----- EXCERPTED DATA -----

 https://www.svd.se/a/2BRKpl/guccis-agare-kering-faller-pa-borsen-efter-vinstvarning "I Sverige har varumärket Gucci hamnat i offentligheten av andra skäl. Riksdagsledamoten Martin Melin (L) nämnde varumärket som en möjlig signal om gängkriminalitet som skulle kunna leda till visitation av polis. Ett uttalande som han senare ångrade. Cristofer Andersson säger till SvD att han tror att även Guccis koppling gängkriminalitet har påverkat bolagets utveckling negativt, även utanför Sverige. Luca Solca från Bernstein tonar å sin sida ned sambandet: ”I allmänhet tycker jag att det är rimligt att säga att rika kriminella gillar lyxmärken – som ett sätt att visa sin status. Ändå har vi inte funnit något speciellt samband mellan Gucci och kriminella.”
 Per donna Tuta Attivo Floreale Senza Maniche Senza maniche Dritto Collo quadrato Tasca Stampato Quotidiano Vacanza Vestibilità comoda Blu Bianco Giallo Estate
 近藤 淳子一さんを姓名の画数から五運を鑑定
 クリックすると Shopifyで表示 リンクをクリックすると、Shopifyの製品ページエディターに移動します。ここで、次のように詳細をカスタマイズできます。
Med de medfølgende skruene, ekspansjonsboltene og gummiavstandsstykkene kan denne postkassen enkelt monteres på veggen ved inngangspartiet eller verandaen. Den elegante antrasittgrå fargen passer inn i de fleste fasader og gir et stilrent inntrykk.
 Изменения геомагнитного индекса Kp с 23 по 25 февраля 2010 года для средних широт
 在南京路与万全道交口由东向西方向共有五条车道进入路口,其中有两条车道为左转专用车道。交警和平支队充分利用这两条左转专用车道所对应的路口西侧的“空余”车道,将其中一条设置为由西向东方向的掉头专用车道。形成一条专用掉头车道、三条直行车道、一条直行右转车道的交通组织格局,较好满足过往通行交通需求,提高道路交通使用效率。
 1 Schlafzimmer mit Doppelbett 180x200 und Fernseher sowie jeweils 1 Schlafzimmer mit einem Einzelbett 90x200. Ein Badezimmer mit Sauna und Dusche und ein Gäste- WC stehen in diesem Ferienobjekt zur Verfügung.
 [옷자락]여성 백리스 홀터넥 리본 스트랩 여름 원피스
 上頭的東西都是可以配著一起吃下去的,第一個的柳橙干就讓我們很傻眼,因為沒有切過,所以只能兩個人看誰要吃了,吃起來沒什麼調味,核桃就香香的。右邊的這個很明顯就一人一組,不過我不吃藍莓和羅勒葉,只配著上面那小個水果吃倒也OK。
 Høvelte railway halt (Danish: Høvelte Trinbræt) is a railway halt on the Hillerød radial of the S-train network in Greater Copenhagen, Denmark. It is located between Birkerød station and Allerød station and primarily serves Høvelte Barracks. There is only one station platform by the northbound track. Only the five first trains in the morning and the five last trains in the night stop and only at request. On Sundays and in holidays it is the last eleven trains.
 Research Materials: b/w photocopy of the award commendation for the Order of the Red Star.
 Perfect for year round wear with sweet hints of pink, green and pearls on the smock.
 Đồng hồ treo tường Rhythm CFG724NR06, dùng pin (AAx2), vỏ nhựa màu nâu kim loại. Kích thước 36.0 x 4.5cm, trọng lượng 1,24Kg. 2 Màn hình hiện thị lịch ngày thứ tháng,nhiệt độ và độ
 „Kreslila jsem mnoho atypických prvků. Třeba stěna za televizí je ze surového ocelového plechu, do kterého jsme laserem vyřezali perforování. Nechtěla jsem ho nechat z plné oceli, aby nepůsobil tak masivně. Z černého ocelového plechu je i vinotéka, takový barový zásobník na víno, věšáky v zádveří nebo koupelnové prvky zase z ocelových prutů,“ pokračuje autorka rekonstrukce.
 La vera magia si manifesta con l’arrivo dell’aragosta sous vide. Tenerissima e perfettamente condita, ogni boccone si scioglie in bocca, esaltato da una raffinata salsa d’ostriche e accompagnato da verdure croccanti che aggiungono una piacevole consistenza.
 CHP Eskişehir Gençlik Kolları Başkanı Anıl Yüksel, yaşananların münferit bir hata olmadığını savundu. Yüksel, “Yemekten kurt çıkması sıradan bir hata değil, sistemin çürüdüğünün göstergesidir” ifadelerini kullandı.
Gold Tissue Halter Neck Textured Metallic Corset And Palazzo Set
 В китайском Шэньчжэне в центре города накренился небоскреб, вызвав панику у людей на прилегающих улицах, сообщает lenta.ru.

-----

- **EXERCISE PROMPT**
Exactly the lines from the one holding "Perfect for year" to the final line of the listing, both included, must make up the answer.

- **ANSWER TO THIS PROBLEM**
 Perfect for year round wear with sweet hints of pink, green and pearls on the smock.
 Đồng hồ treo tường Rhythm CFG724NR06, dùng pin (AAx2), vỏ nhựa màu nâu kim loại. Kích thước 36.0 x 4.5cm, trọng lượng 1,24Kg. 2 Màn hình hiện thị lịch ngày thứ tháng,nhiệt độ và độ
 „Kreslila jsem mnoho atypických prvků. Třeba stěna za televizí je ze surového ocelového plechu, do kterého jsme laserem vyřezali perforování. Nechtěla jsem ho nechat z plné oceli, aby nepůsobil tak masivně. Z černého ocelového plechu je i vinotéka, takový barový zásobník na víno, věšáky v zádveří nebo koupelnové prvky zase z ocelových prutů,“ pokračuje autorka rekonstrukce.
 La vera magia si manifesta con l’arrivo dell’aragosta sous vide. Tenerissima e perfettamente condita, ogni boccone si scioglie in bocca, esaltato da una raffinata salsa d’ostriche e accompagnato da verdure croccanti che aggiungono una piacevole consistenza.
 CHP Eskişehir Gençlik Kolları Başkanı Anıl Yüksel, yaşananların münferit bir hata olmadığını savundu. Yüksel, “Yemekten kurt çıkması sıradan bir hata değil, sistemin çürüdüğünün göstergesidir” ifadelerini kullandı.
Gold Tissue Halter Neck Textured Metallic Corset And Palazzo Set
 В китайском Шэньчжэне в центре города накренился небоскреб, вызвав панику у людей на прилегающих улицах, сообщает lenta.ru.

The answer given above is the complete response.